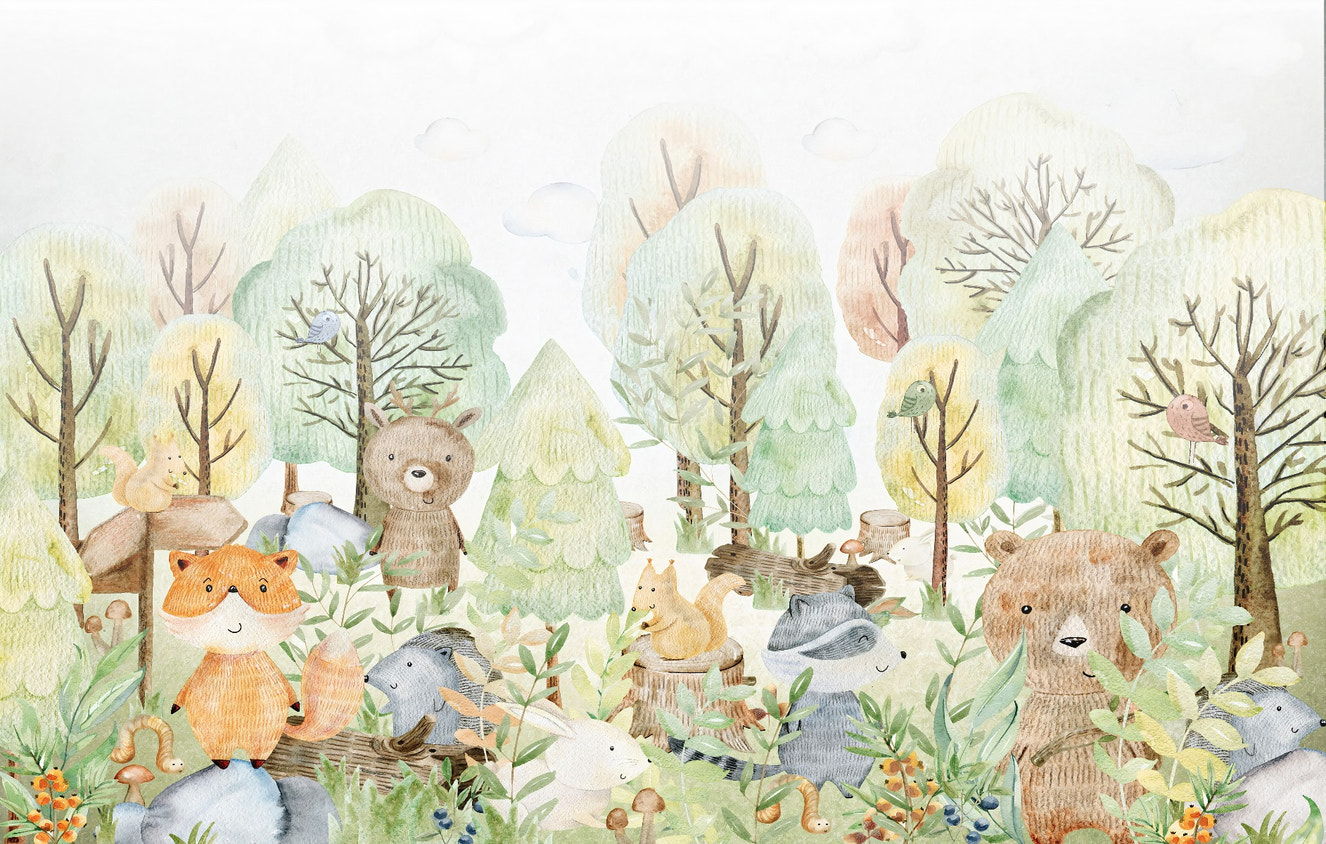 Discover our nursery wallpaper featuring cartoon-style rabbits, foxes, pandas, and squirrels, adding cuteness to the extreme. It refreshes the little ones and sparks curiosity about the four-legged furry friends.
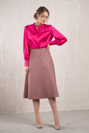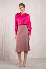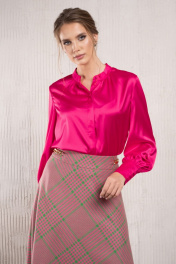Блуза свободного кроя из легкого атласа с матовым блеском. Застежка на пуговицы спереди. Рукав втачной, низ обработан манжетой, застегивающейся на пуговицы. Длина изделия по спинке 61 см, длина рукава 63 см.
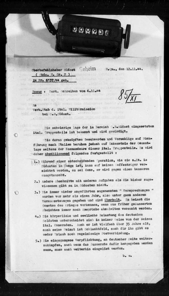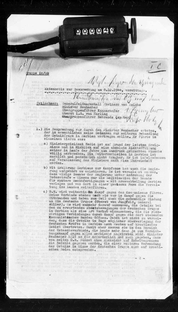 - 7: Zabilješka sa razgovora glavnkomandujućeg Jugoistoka i izaslanika Neubachera od 26. novembra 1944 (27. novembar 1944.).
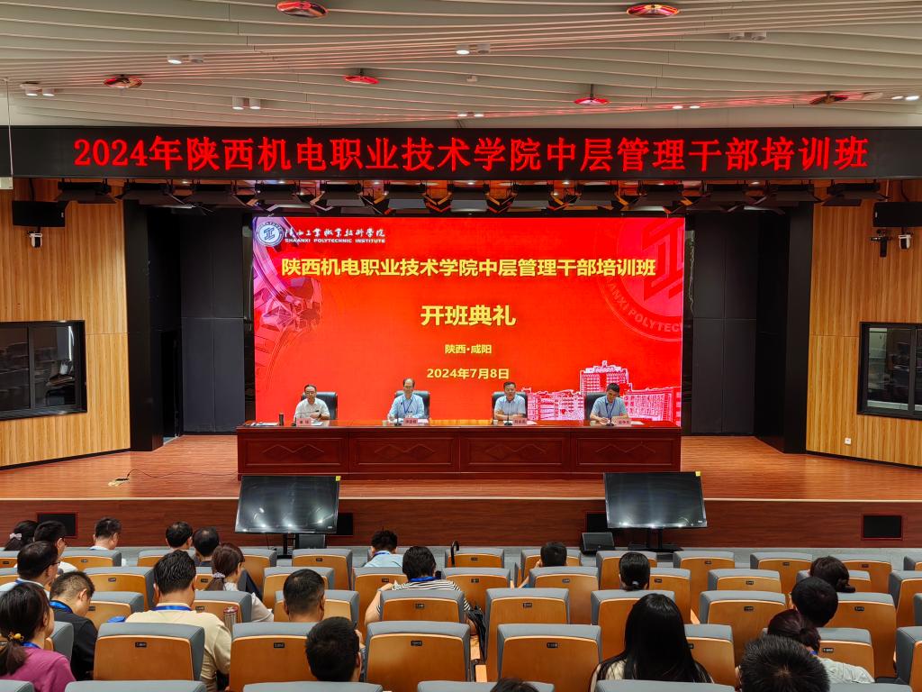 7月8日,由我校承办的2024年陕西机电职业技术学院中层管理干部培训开班典礼在我校经开校区启新楼报告厅举行。陕西机电职业技术学院党委书记伊逊智,党委委员、院长助理、组织部长赵争东,我校党委副书记、校长刘永亮,党委副书记、纪委书记康强,以及培训教师、管理人员、全体参训学员80余人参加了开班典礼。典礼由康强主持。
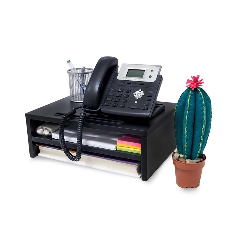 Multifunción: Soporte ideal para monitor, ordenador portátil con gestión para cables y ranura para colocar su Smartphone o Tablet. Mantenga su espacio de trabajo limpio y ordenado con espacio para colocar su teclado o documentos en sus estantes.
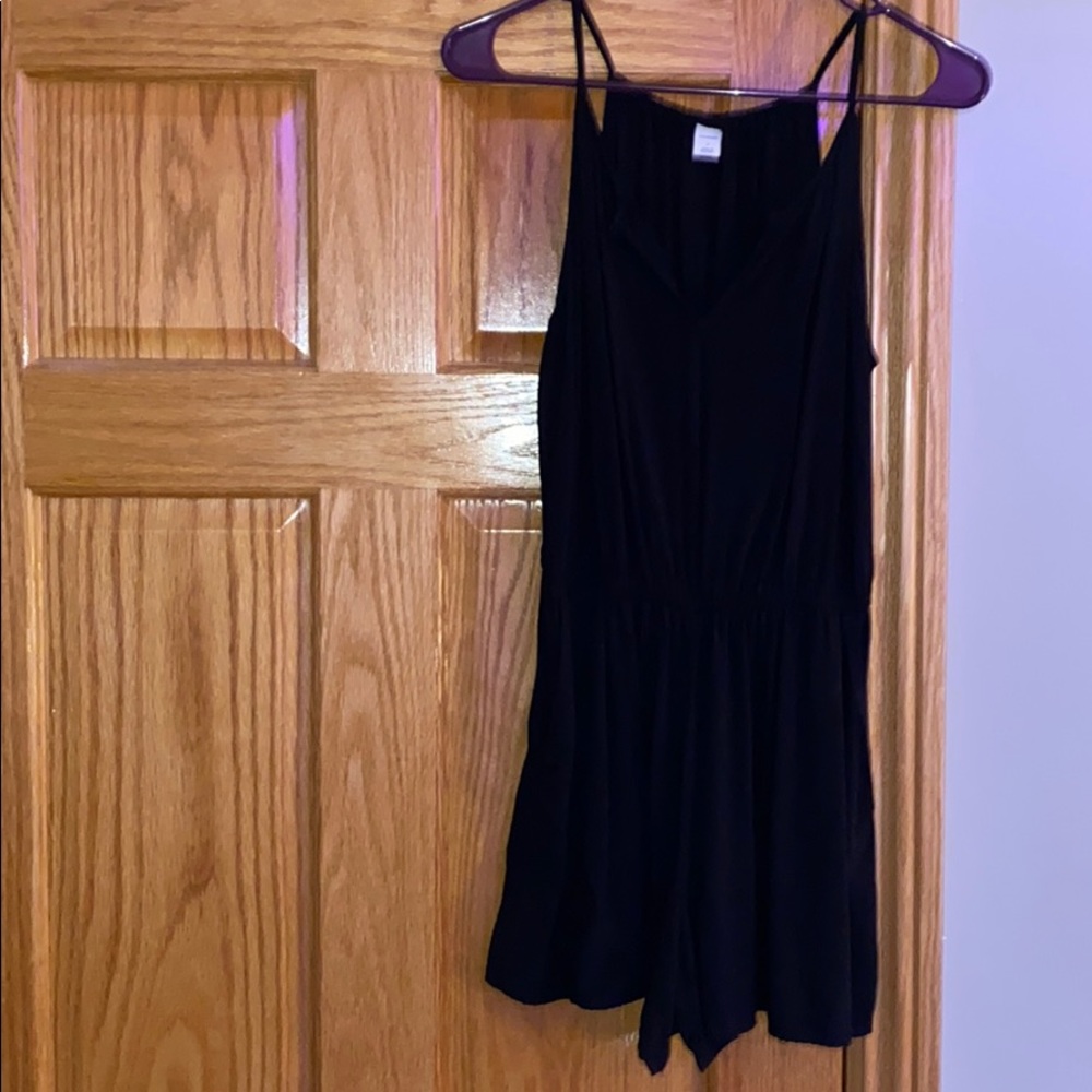 black romper with a little button at the top of the V neck

_Your assignment_
Copy out all of the entries exactly as they stand, with no pictures in your copy.

_Result_
 Discover our nursery wallpaper featuring cartoon-style rabbits, foxes, pandas, and squirrels, adding cuteness to the extreme. It refreshes the little ones and sparks curiosity about the four-legged furry friends.
Блуза свободного кроя из легкого атласа с матовым блеском. Застежка на пуговицы спереди. Рукав втачной, низ обработан манжетой, застегивающейся на пуговицы. Длина изделия по спинке 61 см, длина рукава 63 см.
 - 7: Zabilješka sa razgovora glavnkomandujućeg Jugoistoka i izaslanika Neubachera od 26. novembra 1944 (27. novembar 1944.).
 7月8日,由我校承办的2024年陕西机电职业技术学院中层管理干部培训开班典礼在我校经开校区启新楼报告厅举行。陕西机电职业技术学院党委书记伊逊智,党委委员、院长助理、组织部长赵争东,我校党委副书记、校长刘永亮,党委副书记、纪委书记康强,以及培训教师、管理人员、全体参训学员80余人参加了开班典礼。典礼由康强主持。
 Multifunción: Soporte ideal para monitor, ordenador portátil con gestión para cables y ranura para colocar su Smartphone o Tablet. Mantenga su espacio de trabajo limpio y ordenado con espacio para colocar su teclado o documentos en sus estantes.
 black romper with a little button at the top of the V neck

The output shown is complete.